Romualdo Prati (3 February 1874, Salzburg – 16 March 1930, Rome) was an Austrian-Italian painter who spent ten years working in Brazil. He painted in several genres, but is best remembered for his portraits.

==Biography==
His father, Stefano Probo Prati (1850-1928), was an employee of the Imperial Royal Austrian State Railways. When he was only a year old, his family moved back to their hometown of Caldonazzo, in Trentino. His artistic abilities were encouraged from an early age by his uncles, Eugenio and Giulio Cesare (1860-1940); both well-established artists. At the age of sixteen, he was enrolled at the Accademia di Belle Arti di Venezia, where he studied with Pompeo Molmenti.

In 1895, together with his parents and his uncles, Leone and Anacleto, he went to Brazil and settled in Porto Alegre. His family was quite successful (a street in Guaíba has been named after Anacleto) and he was able to take advantage of a growing interest in regional painting. Later, he took a few students. This was a major contribution, as there were no art schools in the region at that time.

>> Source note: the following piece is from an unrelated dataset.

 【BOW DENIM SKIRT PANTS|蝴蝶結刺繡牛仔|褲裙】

Until the 1890s, painters in Porto Alegre presented their works in shop windows. Together with Pedro Weingärtner, Libindo Ferrás, Augusto Luis de Freitas and others, Prati helped establish the first art gallery there, in a special room at the Ao Preço Fixo bazaar. Around this time, he married Olga da Fontoura Carvalho, an amateur painter.

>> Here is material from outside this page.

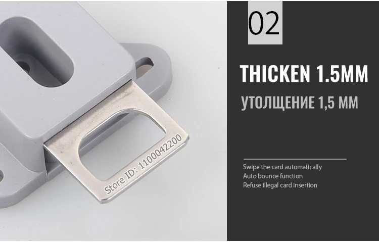 Используйте удостоверение личности, чтобы коснуться снаружи шкафа, он щелкнет замком и откроет дверь (Примечание: бирку можно использовать только для двери толщиной до 2,5 см, удостоверение личности можно использовать для двери толщиной до 4,5 см).
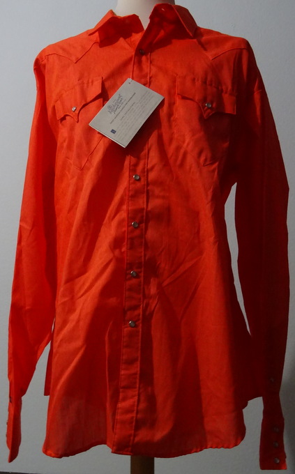 orangefarbenes Hemd2 aufgesetzte Brusttaschenweisse Perlmuttdruckknöpfehinten und vorne spitz zulaufender SattelMaterial:50 % Polyester50 % CottonNEU NEU NEU

He returned to Europe in 1904 and settled in Paris, where he sought to improve his skills at the Académie des Beaux-Arts with Ferdinand Humbert. He also took private lessons from Eugène Carrière, who introduced him to the works of Henri Matisse and André Derain. Both had a major influence on his later style. After three years, he opened his own studio which he maintained until 1909, when he returned to Caldonazzo for two years, working as a portrait painter for the local elite.

Around 1915, he decided to make Italy his permanent home again. He initially settled in Florence, painting vedute and landscapes then, in 1919, moved to Rome, where he established a studio and a painting school for foreigners. His works from this period are mostly country scenes; primarily from Abruzzi.

By 1927, he was seriously ill and had to give up exhibiting. He moved to Villa Agnedo, to live with a cousin, hoping his health would improve there. He died three years later, while planning a return to Brazil.

Long forgotten, the Communal Council of Trento set up a website devoted to him and his works in 2007.
A major retrospective was presented in Caldonazzo in 2011.